MATERIAL PROVIDED section start

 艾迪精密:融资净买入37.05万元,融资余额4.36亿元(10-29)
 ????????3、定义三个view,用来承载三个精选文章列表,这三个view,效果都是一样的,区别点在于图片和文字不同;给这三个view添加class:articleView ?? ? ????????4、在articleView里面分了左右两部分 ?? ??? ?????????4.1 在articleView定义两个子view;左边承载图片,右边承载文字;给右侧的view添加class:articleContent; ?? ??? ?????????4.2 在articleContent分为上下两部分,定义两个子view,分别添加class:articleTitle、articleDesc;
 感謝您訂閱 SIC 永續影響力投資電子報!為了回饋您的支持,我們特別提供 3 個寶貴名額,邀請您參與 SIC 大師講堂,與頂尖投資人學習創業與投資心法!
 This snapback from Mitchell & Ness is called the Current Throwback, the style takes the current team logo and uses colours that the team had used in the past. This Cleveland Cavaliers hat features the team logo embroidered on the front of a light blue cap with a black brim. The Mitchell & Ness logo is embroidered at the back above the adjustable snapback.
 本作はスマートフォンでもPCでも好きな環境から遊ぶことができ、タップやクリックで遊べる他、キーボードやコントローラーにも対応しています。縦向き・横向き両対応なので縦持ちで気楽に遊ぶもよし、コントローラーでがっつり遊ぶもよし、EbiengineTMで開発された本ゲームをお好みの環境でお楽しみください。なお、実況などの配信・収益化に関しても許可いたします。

MATERIAL PROVIDED section end

**HOW TO COMPLETE THIS TASK:**
Retype the material exactly, including every line.

**ANSWER SPACE:**
 艾迪精密:融资净买入37.05万元,融资余额4.36亿元(10-29)
 ????????3、定义三个view,用来承载三个精选文章列表,这三个view,效果都是一样的,区别点在于图片和文字不同;给这三个view添加class:articleView ?? ? ????????4、在articleView里面分了左右两部分 ?? ??? ?????????4.1 在articleView定义两个子view;左边承载图片,右边承载文字;给右侧的view添加class:articleContent; ?? ??? ?????????4.2 在articleContent分为上下两部分,定义两个子view,分别添加class:articleTitle、articleDesc;
 感謝您訂閱 SIC 永續影響力投資電子報!為了回饋您的支持,我們特別提供 3 個寶貴名額,邀請您參與 SIC 大師講堂,與頂尖投資人學習創業與投資心法!
 This snapback from Mitchell & Ness is called the Current Throwback, the style takes the current team logo and uses colours that the team had used in the past. This Cleveland Cavaliers hat features the team logo embroidered on the front of a light blue cap with a black brim. The Mitchell & Ness logo is embroidered at the back above the adjustable snapback.
 本作はスマートフォンでもPCでも好きな環境から遊ぶことができ、タップやクリックで遊べる他、キーボードやコントローラーにも対応しています。縦向き・横向き両対応なので縦持ちで気楽に遊ぶもよし、コントローラーでがっつり遊ぶもよし、EbiengineTMで開発された本ゲームをお好みの環境でお楽しみください。なお、実況などの配信・収益化に関しても許可いたします。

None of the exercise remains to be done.